В раннем детстве казалось, что жизнь впереди длинная-длинная, а конец её вообще не виден, как край далёкого горизонта. И время еле-еле передвигалось в пространстве, и каждый день наполнялся всё новыми и новыми событиями и открытиями, а впереди ещё была ночь, с её таинственными и фантастическими сновидениями…
В тысяча девятьсот семидесятом году я, городской мальчишка, недавно окончивший второй класс, неожиданно оказался в промежутке между тридцатыми и сороковыми десятилетиями…
Я не вру и не сочиняю. Дело в том, что в августе родители отправили меня не к бабушке Люде, как обычно, а к бабушке по отцовской линии, Манефе.
На затерянном среди северной тайги грунтово-песчаном аэродроме я, проводив взглядом «кукурузник» с улетевшей домой бабушкой Людой, повернулся и угодил в объятия низенькой, чуть выше меня, старушки в тёмном платке, со строгим лицом, но добрыми карими глазами.
На дороге рядом с серым от времени одноэтажным «аэровокзалом» стояла… телега с единственной лошадкой, нервно обмахивающей хвостом рыжеватые бока, атакуемые крупными безжалостными оводами.
Бабушка взмахнула поводьями, ласково шлепнула по зазевавшемуся крылатому кровопийце, а заодно и по хребту кобылы.
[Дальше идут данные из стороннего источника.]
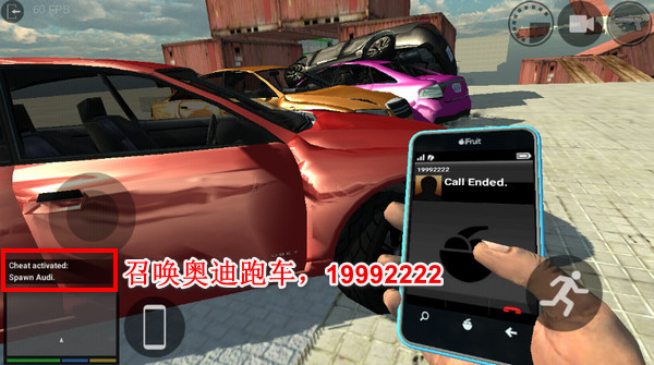 3、調(diào)出手機(jī)菜單,輸入作弊碼,竟然能夠召喚NPC人物和奧迪跑車到眼前,太神奇了。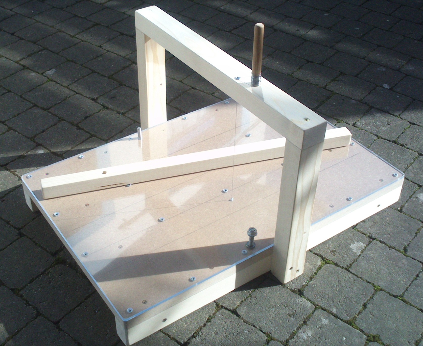 Coupe-savon en sapin avec surface de coupe en plexiglass.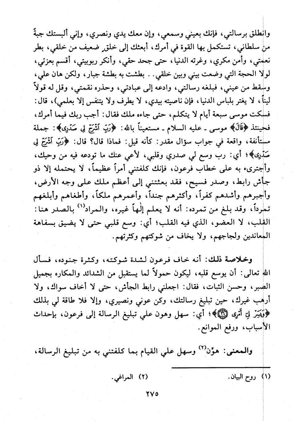 وخلاصة ذلك: أنه خاف فرعون لشدة شوكته، وكثرة جنوده، فسأل الله تعالى: أن يوسع قلبه، ليكون حمولاً لما يستقبل من الشدائد والمكاره بجميل الصبر، وحسن الثبات، فقال: اجعلني رابط الجأش، حتى لا أخاف سواك، ولا أرهب غيرك، حين تبليغ رسالتك، وكن عوني ونصيري، وإلا فلا طاقة لي بذلك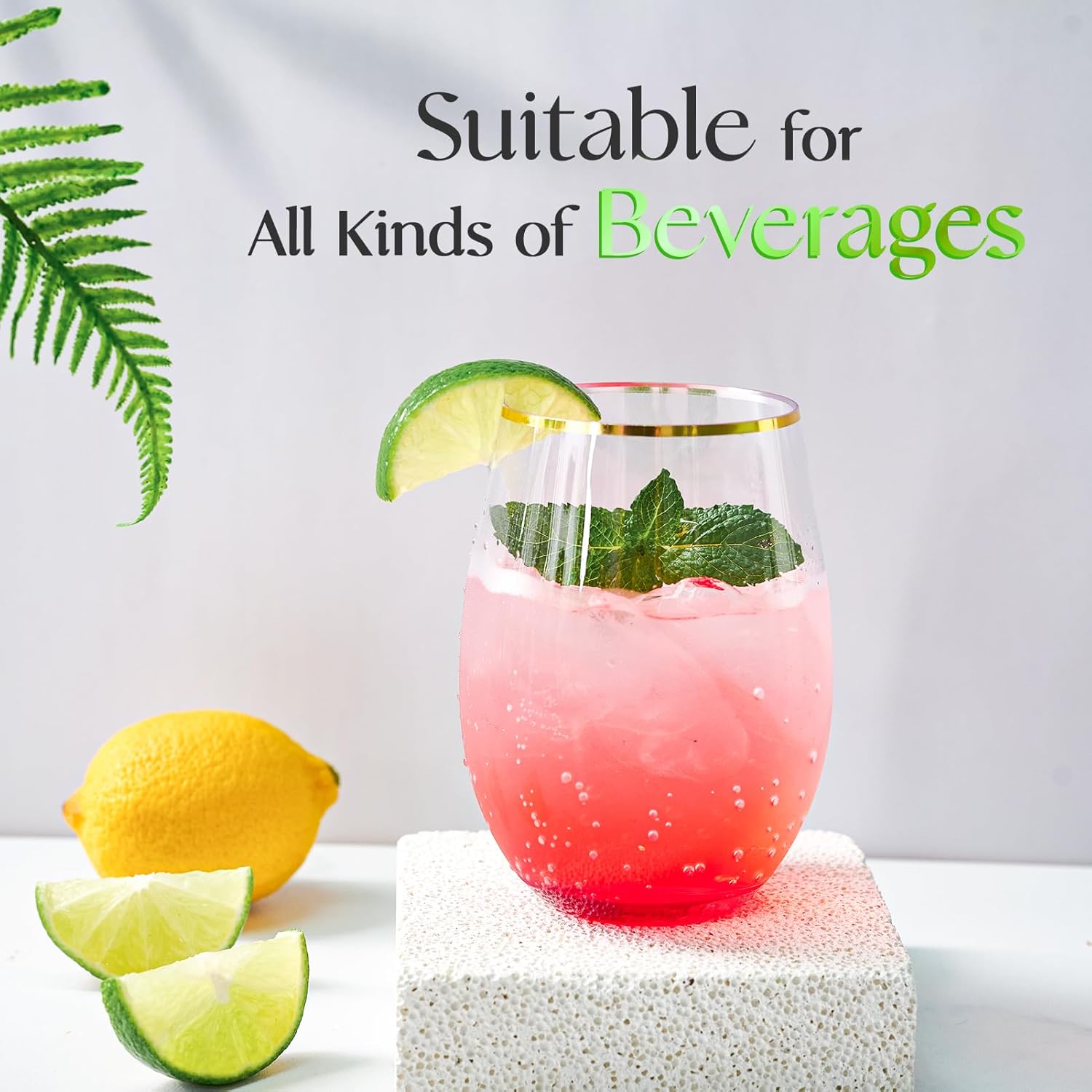 • Our gold rim stemless plastic wine glasses are heavy duty, unbreakable, shatterproof, disposable and reusable; High quality PET plastic makes the wine glass look crystal clear and adds a touch of ambiance to your party

Лошадь обречённо вздохнула и сдвинула с места колёсное сооружение с наваленным сверху сеном и нами, путешественниками из настоящего в прошлое.
Скрипящую на колдобинах телегу обгоняли трехосные темно-зеленые грузовики — я их видел в фильмах о войне. Раньше эти машины были ЗИСами (завод имени Сталина), а теперь стали ЗИЛами (завод имени Лихачева, первого директора автогиганта). Естественный запах лошадки перемешивался с бензиновыми парами.
До деревни Малое Кобылкино, как объяснила бабушка, «ехать недалёко», всего девять километров, но я успел разглядеть на обочине крохотную деревушку из трех дворов, между которыми стояли и пялились на нас белобрысые и босые малыши в свисавших почти до пят странных рубахах из грубого полотна. Спустя мгновение я понял, что глазели они на мою нарядную одежду, купленную в областном универмаге.
Мы проехали Большое Кобылкино, — село с начальной школой и храмом, превращенным в склад. Моё внимание, занятое обилием гусеничных тракторов местного колхоза, переметнулось и вцепилось взглядом в колесо древней водяной мельницы, — заброшенной, но чудом сохранившейся с дореволюционных времен. Потом я не раз бегал к ней, — слушал журчание воды и лёгкий скрип колеса.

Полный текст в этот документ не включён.